§ **Activity**: The line with "ヘコむあだ名 | 『ふなふぇ~』『牛乳』『ふなぷりん』 |" marks the first line to copy, and the line with "이항진 여주시장은 24일" marks the last. Transcribe that stretch of the data below exactly, without pictures.

§ **Material for this exercise**:
***
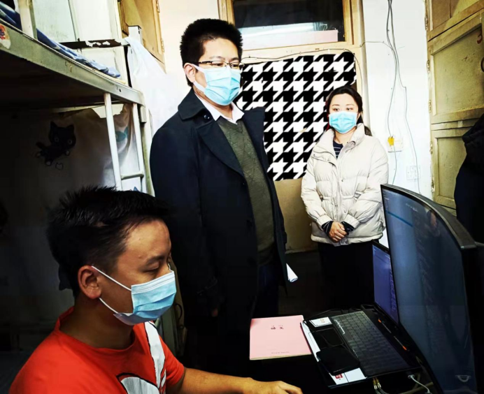 小欧视频 副院长(主持工作)宋军、辅导员许泽阳于11月19日入驻黄海校内管理区开展学生思政教育相关工作。进校后,宋军带领刘宁、许泽阳、侯昊辰、王林慧即刻走访学生寝室,了解学生的学习、生活等各方面情况。
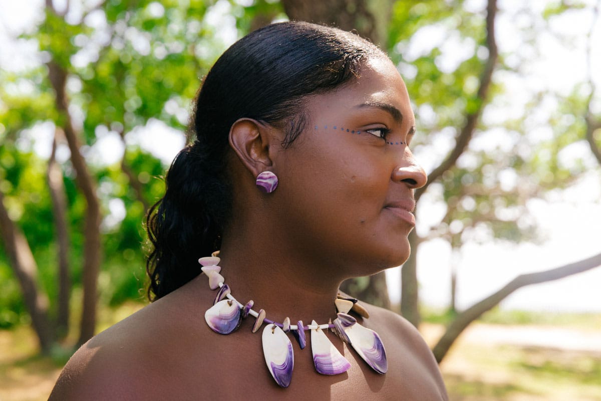 The people of the Shinnecock Indian Nation of Eastern Long Island in New York State can trace their presence on their land back more than ten thousand years. Shinnecock’s claim is evident through Clovis Projectile Points from the Paleo-Indian Period (15,000–3,500 BCE). By 1000 BCE, Shinnecock people and other local tribal communities expressed themselves through clay pottery designs, wood sculptures, and wampum shell/bone beadwork. With the arrival of Europeans, Indigenous artisans incorporated richly colored cloth, glass beads, and blankets into their crafts and regalia. In the early 20th century, Shinnecock artisans loaded their wagons with baskets, caned chairs, beaded moccasins, embroidered table linens, eel traps, corn and herb mortars, duck decoys, wooden spoons, and scrub brushes, and sold them in nearby white communities.
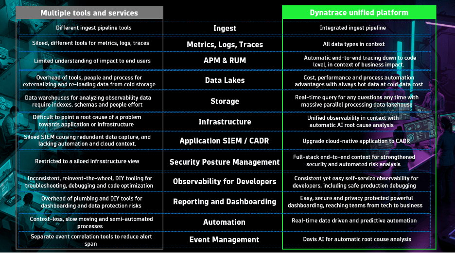 Günümüzün optimizasyon ve verimlilik ihtiyacı, yöneticileri alternatif kurulumlar ve mimariler aramaya itiyor ve bu da onları genellikle tüm bu ihtiyaçları aynı anda karşılayabilen birleşik bir platform olarak Dynatrace'e yönlendiriyor.
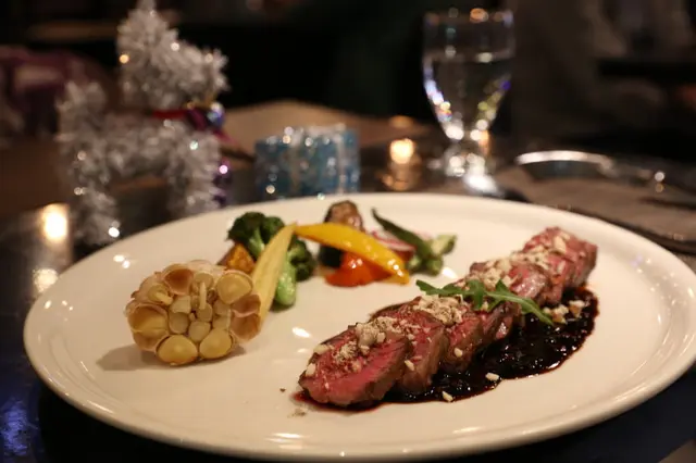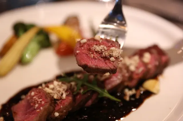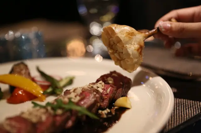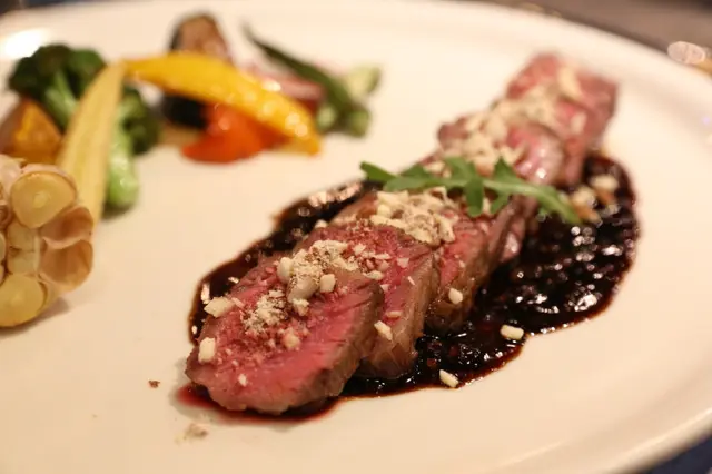 外緣烤至七八分熟,裡面五分熟剛好緊緊將肉汁鎖住,嚼起來充滿牛肉香
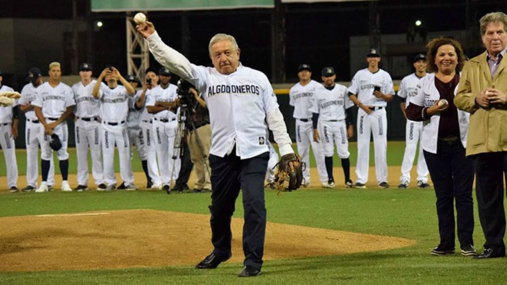 El presidente Andrés Manuel López Obrador estuvo presente para inaugurar el remozado estadio de los Algodoneros y lanzó la primera bola.
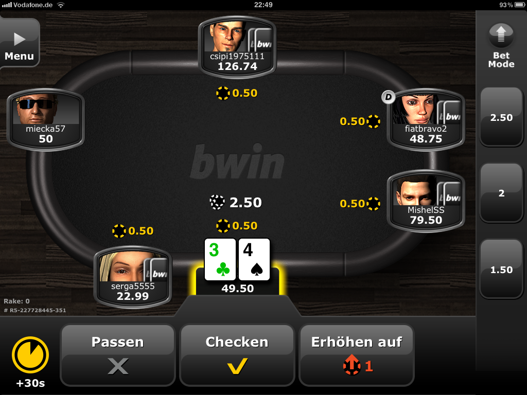 Sázková kancelář bwin spustila pro tablety iPad novou aplikaci Poker. Uživatelé těchto tabletů si nyní mohou zahrát skutečný Texas Hold’em poker o skutečné peníze. Aplikace je založena na stejně jednoduchých principech jako její obdoba pro iPhone (poprvé představena v lednu 2011) a pro mobilní telefony s operačním systémem Android (z července 2011).
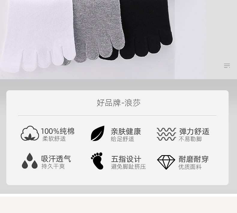 浪莎五指襪男士純棉中筒襪春秋薄款全棉腳趾防臭吸汗分趾襪子女夏
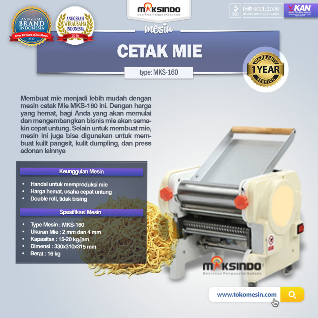 Mesin Cetak Mie (MKS-200) Mau usaha mie lebih sukses dan lancar produksi ? Gunakan mesin andalan pengusaha mie dari Maksindo
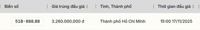 Sau 25 phút đấu giá chính thức và 10 vòng gia hạn, một tài khoản đã trả mức giá cao nhất 3,26 tỷ đồng, trở thành con số chốt cuối cùng của phiên đấu.
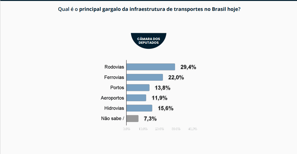 Entre os resultados, a maioria dos parlamentares classificou a infraestrutura de transportes como ruim ou muito ruim. Ao serem questionados sobre gargalos do setor, os deputados apontaram entraves estruturais e burocráticos como fatores que impactam diretamente a competitividade do país.
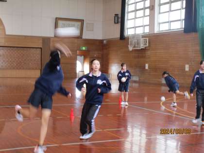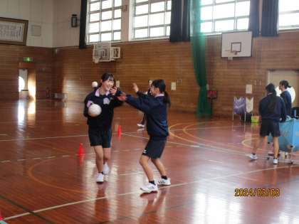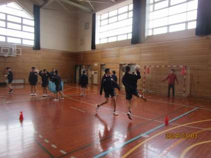 ハンドボール部は、シュートとディフェンスを組み合わせた練習をしています。1つ1つの練習を課題を意識しながら取り組んでいます。
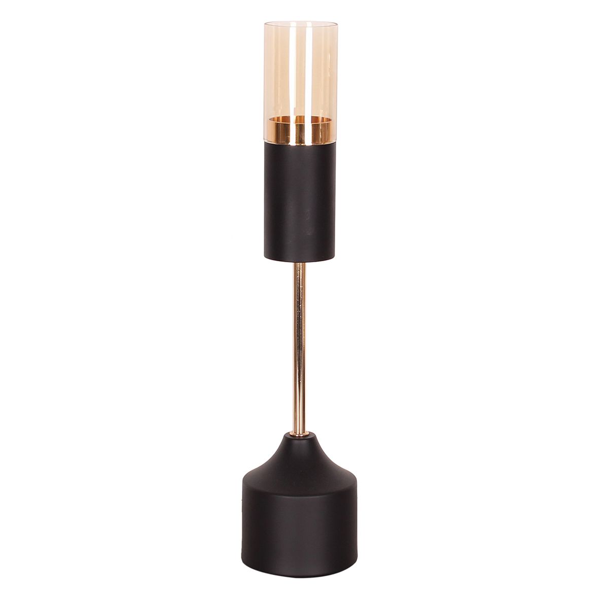 CASTICAL DE METAL E VIDRO PRETO E COBRE 1 VELA
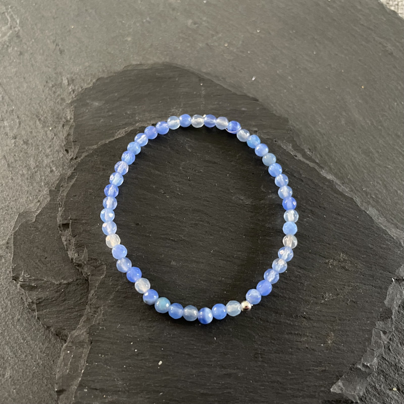 Faceted Blue Quartz stretchy bracelet, bead size approx 4mm. Fits wrist size 6 3/4". Supplied in a white organza bag.
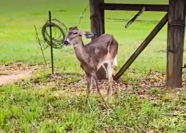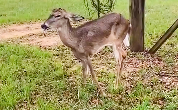The deer was discovered last week by a local resident along North Pineville Road near Tullis Road, in extreme northwestern Escambia County, Florida. The deer showed signs of extreme weight loss and was approachable.
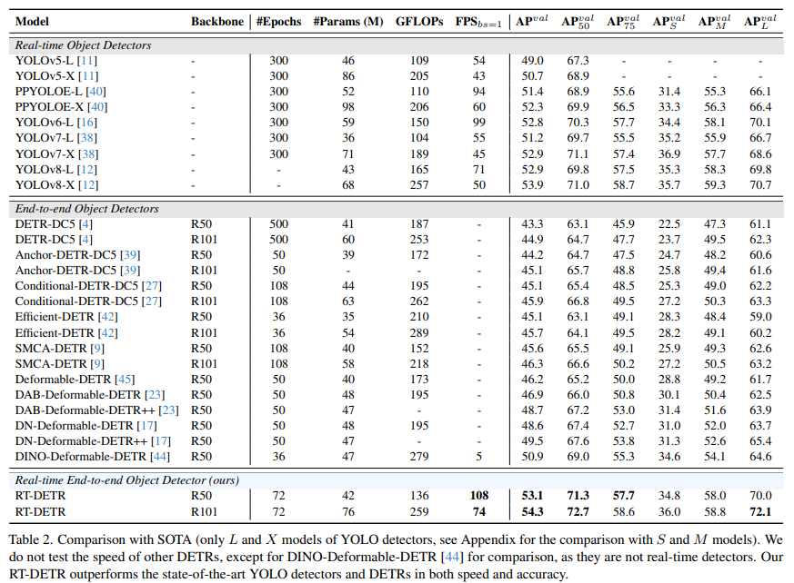 위의 표를 보면 RT-DETR이 speed와 accuracy모두 다른 모델들에 비해 우수한 것을 알 수 있다.
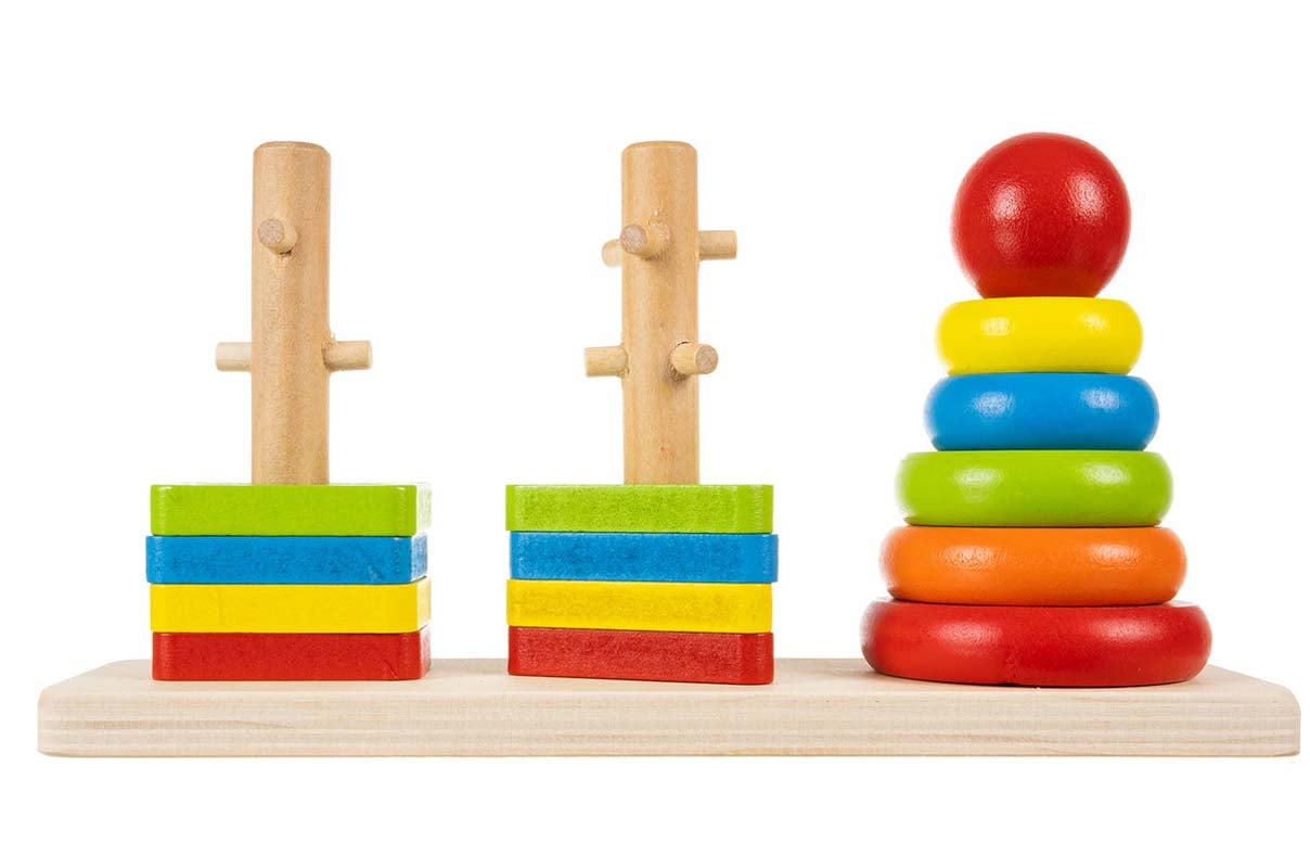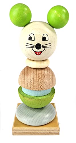 Hess Holzspielzeug 14979-stapelsats i trä, mus, handgjord, för barn från 3 år, torn med ringar och kulhuvud, 14979
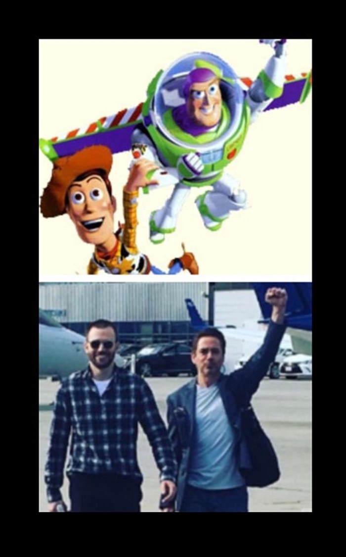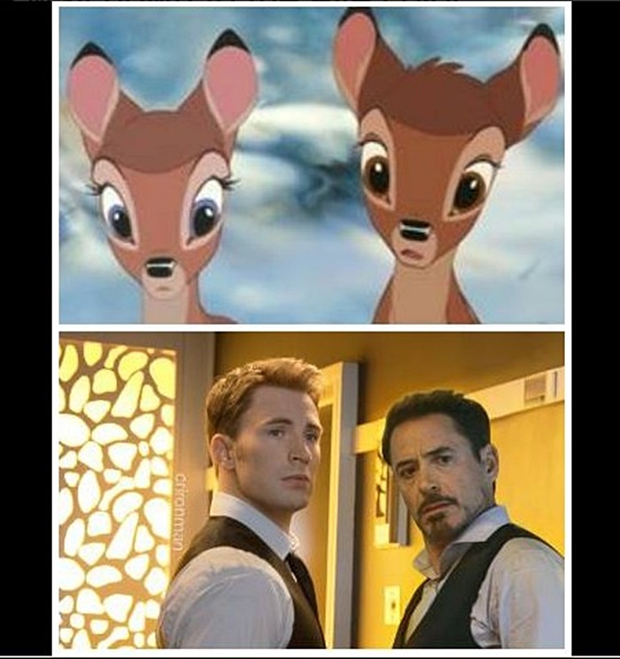 ロバートはツイッターに、スティーブ・ロジャー(キャプテン・アメリカ)とトニー・スターク(アイアンマン)の2ショット写真と、『バンビ』に登場するバンビとファリーンがコラージュされた写真を投稿。
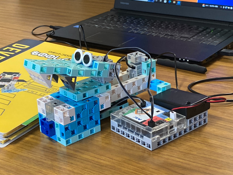身近なものを動かすための構造や、センサーやモーターを利用するためのプログラミングを学びます。
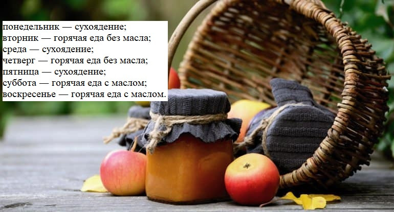 До 19 декабря сухоядения нужно придерживаться только дважды в неделю, то есть в среду и пятницу. Горячие блюда, но только без масла, можно есть по понедельникам. Во все остальные дни допускается употребление рыбы.
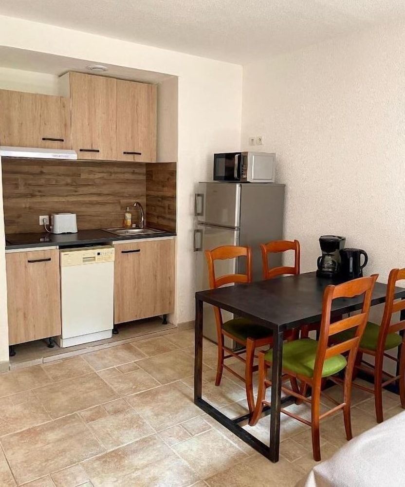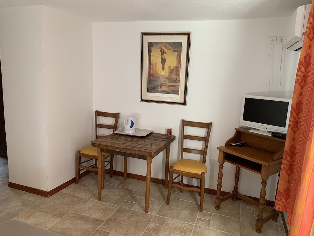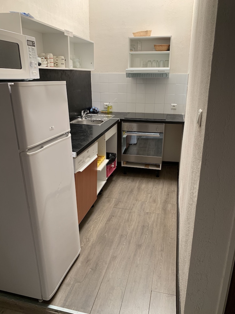 Appartement dans une vieille bâtisse , tout est vieux et vétuste :intérieur comme extérieur Toutes les choses indispensables dans un appart HOTEL sont en supplément : des draps , des serviettes , une bouilloire ... Sejour très cher en plus Fuyez !!!
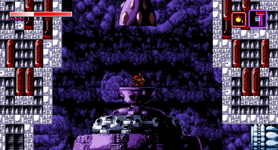 Axiom Verge , per dire, è stato interamente realizzato da Tom Happ . E con "interamente" intendo proprio in modo completo: codice, grafica, musiche, testing. Tutti gli aspetti sono stati messi a punto da lui nell'arco di circa cinque anni, culminando con l'uscita del gioco nel marzo 2015 su PS4 e PC. Axiom Verge è essenzialmente un "metroidvania": un gioco di azione in 2D a scorrimento orizzontale, in cui il protagonista deve esplorare diverse aree, acquisire nuovi oggetti e strumenti per proseguire, e confrontarsi con una serie di avversari di forza via via crescente, con una serie di boss da sconfiggere per procedere. Della serie di Metroid (almeno quello classico) riprende diversi elementi in modo talmente palese da non poter nemmeno essere considerato un semplice omaggio: la suddivisione in zone del mondo, ognuna con un suo tema diverso, le "porte" di transizione da una stanza all'altra, e il percorso di gioco che si basa su aree inizialmente inaccessibili ma che poi si possono raggiungere una volta ottenuti i giusti upgrade. Questo basterebbe a convincere i nostalgici di Super Metroid e simili a provarlo, ma potrebbe anche portare qualcuno a pensare che si tratti tutto sommato di qualcosa di già visto e quindi poco coinvolgente. Ma Axiom Verge fa più che riproporre uno schema consolidato e di sicuro successo, riesce a innovarlo con alcune semplici ma determinanti mosse.
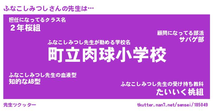 | ヘコむあだ名 | 『ふなふぇ~』『牛乳』『ふなぷりん』 |
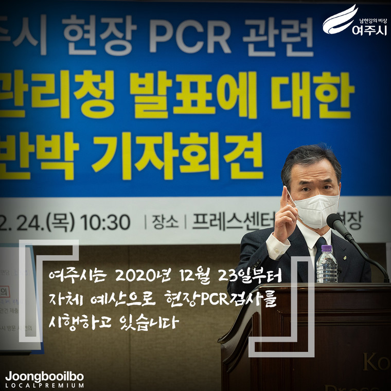이항진 여주시장은 24일 서울 프레스센터에서 현장PCR검사에 대한 질병관리청 입장에 반박하는 긴급 기자회견을 개최했다.
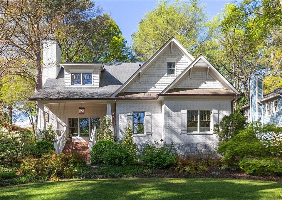 Nestled in the beloved pedestrian-friendly neighborhood of Glenwood Estates, just steps from top-rated City of Decatur schools and Glenlake Park's nature trails, a dog park, a playground, tennis courts, and a pool create an ideal environment for families and outdoor enthusiasts. Situated on a picturesque half-acre lot, this urban retreat exudes tranquility with its tree-lined streets and meticulously landscaped grounds adorned with hydrangeas, boxwoods, ferns, and camellias. Step onto the welcoming front porch, complete with a classic swing, inviting you to experience the light-filled living room featuring a wood-burning fireplace framed by built-in shelving, perfect for showcasing your media equipment for a surround sound system. The seamless open floor plan connects the living room, kitchen, dining room, and back den, creating an inviting space for gatherings and everyday living. The chef's kitchen features custom inset cabinets, soapstone countertops, and a farmhouse sink beneath a large kitchen window. The kitchen island serves as the heart of the home, providing ample space for entertaining and easy access to the dining area and den. French doors lead from the den and dining room to a screened porch, extending the living space outdoors. The main floor features two guest bedrooms and a hall bathroom, with one bedroom currently utilized as a library with floor-to-ceiling bookshelves, catering to avid readers or a handsome home office. Upstairs, discover the spacious primary suite boasting French limestone tile, a separate soaking tub and shower, a double vanity, and a generously sized walk-in closet. An open loft area provides versatility as an upstairs den or playroom, leading to two additional guest bedrooms and bathrooms. The convenience of an upstairs laundry room adds to the home's functionality, completing this exceptional property designed for modern living in a sought-after community. Outside, the screened porch leads to a crushed slate patio offering an enchanting setting for alfresco dining while overlooking the expansive private backyard with a play structure, perfect for children and pets to enjoy. Additional living space above the detached garage includes a bedroom and bathroom, ideal for guests, a home office, or a fitness room.
***
§ **Response**:
 | ヘコむあだ名 | 『ふなふぇ~』『牛乳』『ふなぷりん』 |
이항진 여주시장은 24일 서울 프레스센터에서 현장PCR검사에 대한 질병관리청 입장에 반박하는 긴급 기자회견을 개최했다.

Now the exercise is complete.